Bioseparation Engineering Group, Department of Mechanical Engineering, Technical University of Munich, Boltzmannstraße 15, Garching, 85748, Germany.
Faraday Discuss. 2017 Oct 26;204:233-250. doi: 10.1039/c7fd00105c.
Magnetic metal oxide nanoparticles demonstrate great applicability in several fields such as biotechnology, medicine and catalysis. A stable, magnetic and low-cost material, nanoscale magnetite, is an interesting adsorbent for protein purification. Downstream processing can account for up to 80% of the total production costs in biotechnological production. As such, the development of new innovative separation methods can be regarded as highly profitable. While short peptide sequences can be used as specific affinity tags for functionalised adsorber surfaces, they need expensive affinity ligands on the particle surface for adsorption. In order to identify peptide tags for several non-functionalised inorganic surfaces, different binding conditions to iron oxide nanoparticles are evaluated. Therefore, magnetite nanoparticles in a range of 5-20 nm were synthesised with a co-precipitation method. Zeta potential measurements indicated an amphiphilic surface with an isoelectric point in the neutral pH region. Glutamic acid-based homo-peptides were used as affinity peptides for the magnetite nanoparticles. We demonstrate a dependence of the binding affinity of the peptides on pH and buffer ions in two different experimental set-ups. The nature of surface coordination for glutamic acid-based peptides can be demonstrated with different spectroscopic approaches such as infrared spectroscopy (IR), Raman spectroscopy and circular dichroism spectroscopy (CD). We want to emphasise the importance of physicochemical properties such as surface energy, polarity, morphology and charge. These parameters, which are dependent on the environmental conditions, play a crucial role in peptide interactions with iron oxide surfaces. The understanding of the adsorption of simple biomolecules on nanoscale metal oxide surfaces also represents the key to the even more complex interactions of proteins at the bio-nano interface. From the identification of interaction patterns and an understanding of the adsorption of these peptides, the up-scaling to tagged model proteins facilitates the possibility of an industrial magnetic separation process and might therefore reduce time and costs in purification processes.

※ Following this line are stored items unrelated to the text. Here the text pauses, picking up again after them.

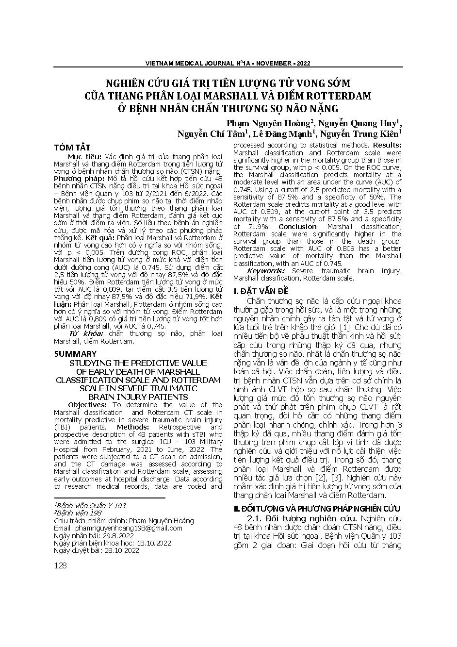 Nghiên cứu giá trị tiên lượng tử vong sớm của thang phân loại Marshall và điểm Rotterdam ở bệnh nhân chấn thương sọ não nặng = Studying the predictive value of early death of Marshall classification scale and Rotterdam scale in severe traumatic brain inju
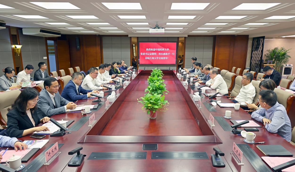 10月7日上午,beat365金能明书记、郝海平校长一行赴江南大学调研。江南大学党委书记朱庆葆,中国工程院院士、江南大学校长、党委副书记陈卫,副校长顾正彪、张影陆,beat365副校长姚和权、齐炼文、杨勇出席调研座谈会。无锡市科技局成果处处长赵雪倩列席会议。会议由江南大学副校长张影陆主持。
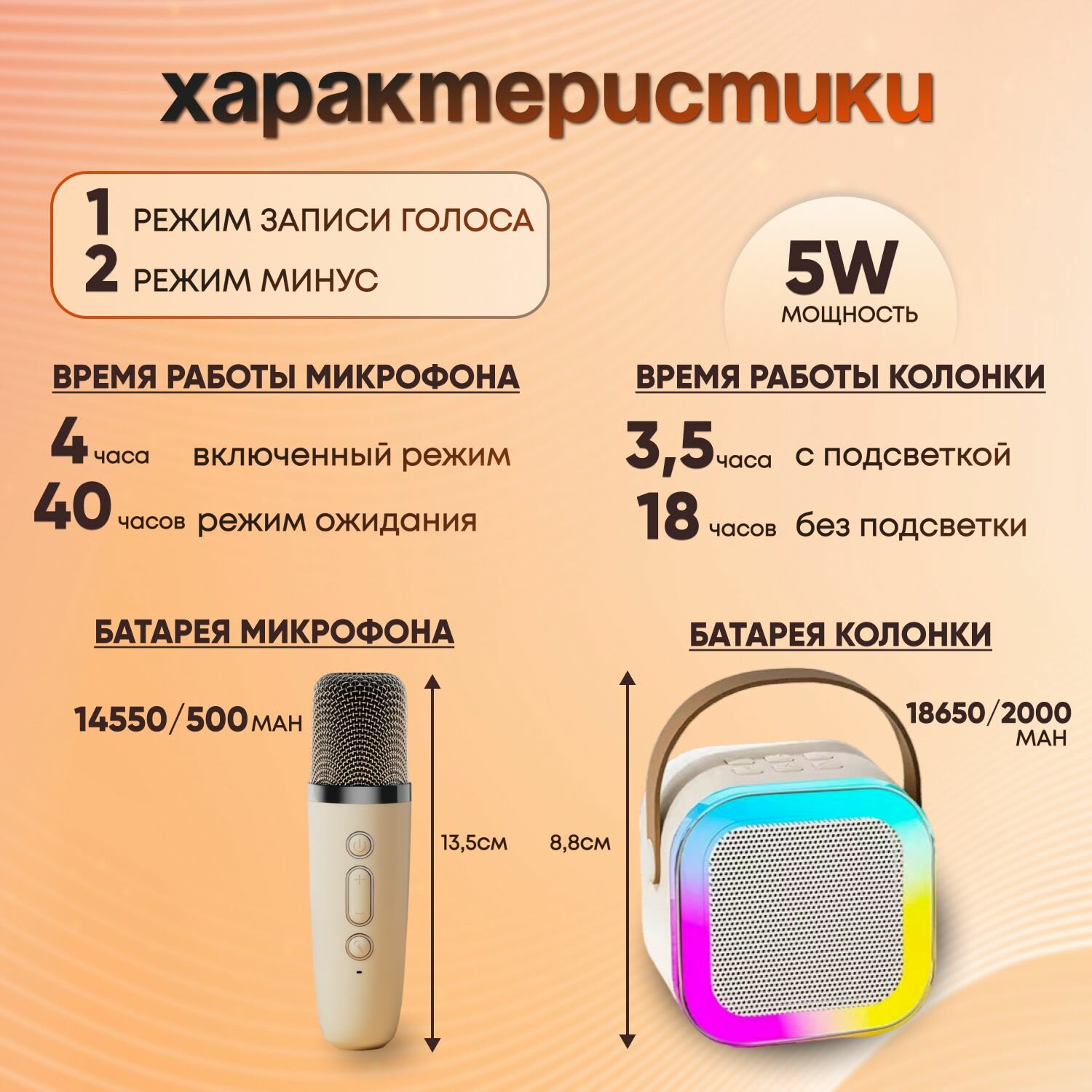 Детская караоке система с двумя беспроводными микрофонами и колонкой (бежевый) интересное:

磁性金属氧化物纳米粒子在生物技术、医学和催化等领域具有广泛的应用。纳米级磁铁矿是一种稳定、磁性且低成本的材料,是蛋白质纯化的一种有趣的吸附剂。下游处理过程可占生物技术生产总成本的 80%。因此,开发新的创新分离方法可以被视为非常有利可图的。虽然短肽序列可以用作功能化吸附剂表面的特定亲和标签,但它们需要在颗粒表面使用昂贵的亲和配体进行吸附。为了鉴定几种非功能化无机表面的肽标签,评估了不同的结合条件到氧化铁纳米粒子上。因此,采用共沉淀法合成了一系列 5-20nm 的磁铁矿纳米粒子。Zeta 电位测量表明其表面具有两性,等电点在中性 pH 区域。基于谷氨酸的同肽被用作磁铁矿纳米粒子的亲和肽。我们在两种不同的实验设置中证明了肽的结合亲和力对 pH 和缓冲离子的依赖性。基于不同的光谱方法,如红外光谱(IR)、拉曼光谱和圆二色光谱(CD),可以证明基于谷氨酸的肽的表面配位性质。我们想强调表面能量、极性、形态和电荷等物理化学性质的重要性。这些参数取决于环境条件,在肽与氧化铁表面的相互作用中起着至关重要的作用。了解简单生物分子在纳米级金属氧化物表面的吸附也代表了蛋白质在生物-纳米界面上更复杂相互作用的关键。从识别相互作用模式和理解这些肽的吸附,将其扩展到标记的模型蛋白上,为工业磁性分离过程提供了可能性,并可能因此减少纯化过程中的时间和成本。